Lloyd Hamrol‘s work has followed the trajectory of art from the 1960s to the present, starting with minimalism and including performance art, conceptual art, and postminimalism....
Lloyd Hamrol‘s work has followed the trajectory of art from the 1960s to the present, starting with minimalism and including performance art, conceptual art, and postminimalism. Born in San Francisco in 1937, Hamrol moved to Los Angeles in 1940 and studied at the University of California, Los Angeles. In 1965, he won LACMA’s New Talent Purchase Award and was featured that same year in the LACMA exhibition Five Younger Los Angeles Artists with fellow New Talent Award winners Tony Berlant, Mel Edwards, Llyn Foulkes, and Philip Rich. During the late 1960s and early 1970s, Hamrol was involved with happenings and other ephemeral and participatory art events, collaborating with—among others—Claes Oldenburg and Judy Chicago (to whom he was married from 1969-1979). He then began to focus on public art.

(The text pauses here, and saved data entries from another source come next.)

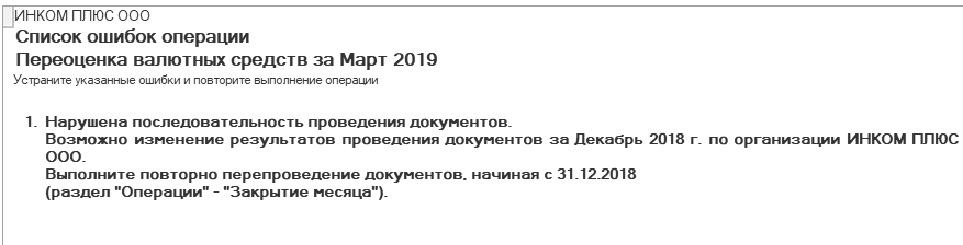 Заполнить документ не получиться, т.к. не были созданы документы за январь, февраль. Программа отслеживает последовательность проведения документов, и выдает сообщения об ошибке (рис. 8.5.10).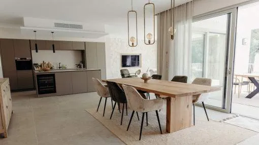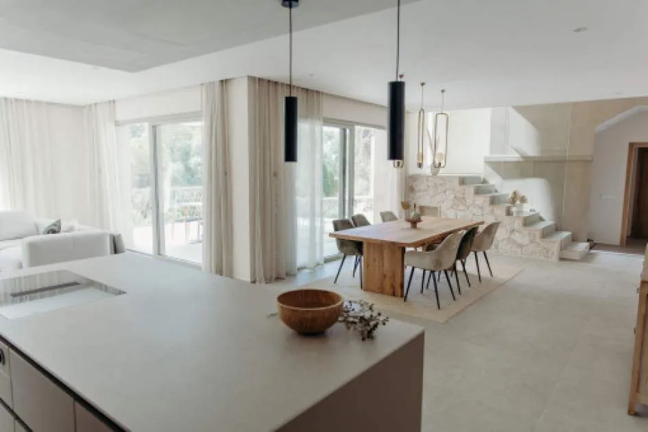 Objektbeschreibung: Diese stilvolle Neubauvilla befindet sich auf einem rund 1.000 qm großen Grundstück in der Nähe von Cala Figuera, dessen malerischer Hafen bequem zu Fuß in 3 Minuten erreichbar ist. Das Grundstück garantiert viel Privatsphäre und eröffnet einen wunderschönen Blick ins Grüne. Die Architektur verbindet moderne Elemente mit traditionellen mallorquinischen Akzenten und schafft ein harmonisches Gesamtbild. Der offen gestaltete Wohn- und Essbereich mit integrierter Küche überzeugt durch klare Linien, die in Kombination mit feinen Sandsteinwänden und warmen Farbtönen eine behagliche Atmosphäre erzeugen. Die geschmackvolle und hochwertige Inneneinrichtung ist durch einen Interior-Designer erfolgt. Großzügige Glasschiebetüren lassen Innen- und Außenbereiche sanft ineinander übergehen. Auf der überdachten Terrasse entsteht ein einladender Sitzbereich. Auf dieser Ebene liegen zudem ein Schlafzimmer mit Bad en Suite sowie ein Gäste-WC. Im ersten Obergeschoss befinden sich 3 weitere Schlafzimmer, jeweils mit eigenem Badezimmer. Zwei der Räume verfügen zusätzlich über Zugang zu einer Terrasse mit Blick in den Garten. Ein besonderes Highlight ist die große Dachterrasse, von der aus sich spektakuläre Sonnenuntergänge bewundern lassen. Im Untergeschoss bietet die Villa einen weitläufigen Keller mit verschiedenen Mehrzweck- und Technikräumen, einem Badezimmer sowie einer Sauna. Der Garten hinter dem Haus ist großzügig angelegt und verfügt über einen Salzwasserpool mit Sonnenterrasse. Mediterrane Bepflanzung sorgt für eine pflegeleichte Wohlfühlatmosphäre. Ein Jacuzzi direkt neben der überdachten Terrasse ergänzt das komfortable Außenangebot. Weitere Ausstattungsmerkmale umfassen Fußbodenheizung, Klimaanlage, Photovoltaikanlage und einen überdachten PKW-Stellplatz. Diese besondere Immobilie vereint modernen Wohnkomfort mit authentischem Inselcharme und bietet den perfekten Rückzugsort für alle, die Ruhe, Stil und die Nähe zum Meer schätzen. Rendite aus Ferienvermietung: Mit dem „Porta Holiday Renditerechner“ können Sie zur ersten Orientierung unverbindlich Ihre potenziellen Einnahmen aus einer möglichen Ferienvermietung berechnen. Hinweis: Aufgrund der aktuellen Gesetzeslage kann es in bestimmten Gemeinden zu einer Beschränkung der Vermietbarkeit kommen bzw. werden keine neuen touristischen Lizenzen mehr vergeben. Ihr Porta Mallorquina Immobilienberater berät Sie gerne, ob die von Ihnen gewählte Immobilie davon betroffen ist. Hier geht’s zum Renditerechner. Lage & Umgebung: Santanyí im Südosten Mallorcas gehört zu den beliebtesten Orten der Insel und hat über die Jahrhunderte schon Römern, Arabern und Piraten getrotzt. Das hübsche Städtchen erhebt sich mit seinen goldfarbenen Sandsteinfassaden aus dem grünen Umland und lockt Urlauber wie Einheimische regelmäßig mittwochs und samstags auf den farbenfrohen Wochenmarkt. Rund um die Plaza Mayor bieten zahlreiche Cafés und Restaurants ein breites kulinarisches Angebot. Die umliegenden kleinen Gassen mit netten Geschäften laden zum Bummeln ein. Für Wanderfans bietet der nahe gelegene Naturpark Mondragó zahlreiche Routen, während Badefans in den idyllischen Buchten der Ostküste wie Cala Santanyí oder Cala Llombarts auf ihre Kosten kommen. Nicht weit entfernt liegen der Hafen von Portocolom und der Golfplatz Vall d´Or.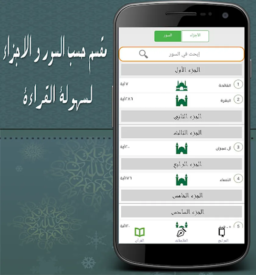 القران مقسم حسب السور و الاجزاء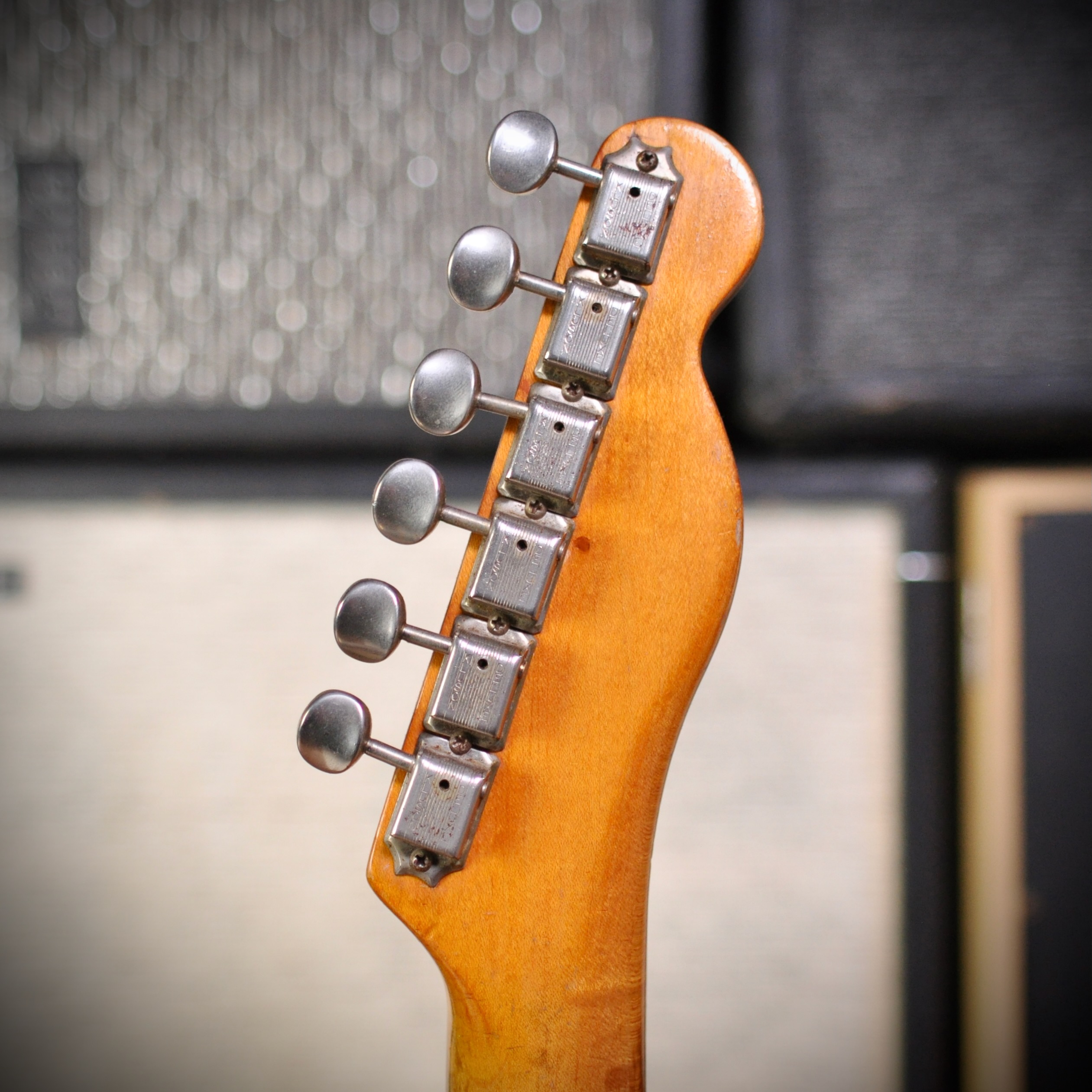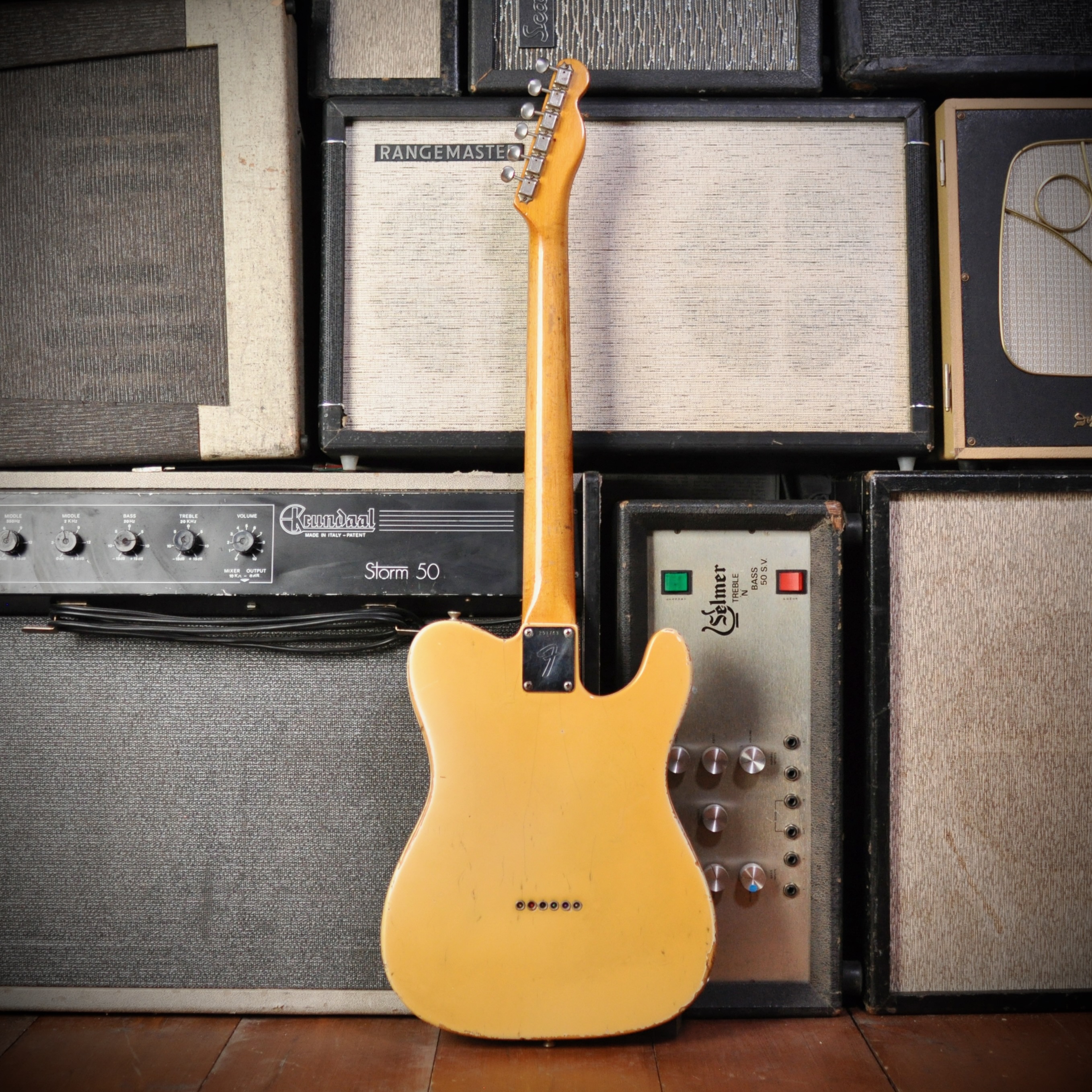 - Logo: Transition-era "Fender Telecaster" decal in gold with black trim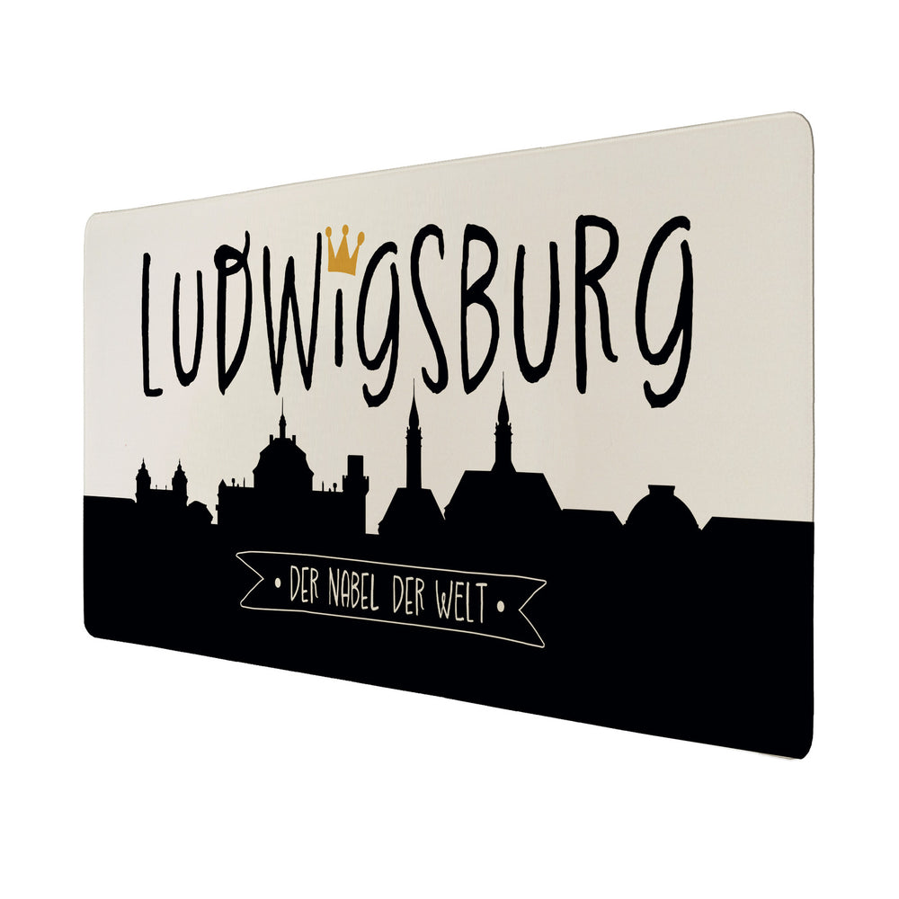 Ludwigsburg Skyline Schreibtischunterlage 69x31cm XXL Mauspad mit Spruch Nabel der Welt

Around 2007, Hamrol returned to making studio-based objects, using heavy-duty industrial felt as his medium. According to art historian and critic Peter Frank, these sculptures “include quasi-architectural references; stacking, pairings, and other compilations of nearly (but, significantly, not exactly) identical units; and the slight skewing of geometric forms, giving them a sometimes voluptuous curvaceousness.” According to the artist, the title of D.D. stands for dark dervish, giving this work a distinctly figural reference. When asked in 2018 if the title had political connotations, Hamrol replied, “It is hard to avoid making a political statement these days....We are all infected by the political environment.” He considers the form of D.D. to be a hybrid of figure and architecture, with ritualistic overtones.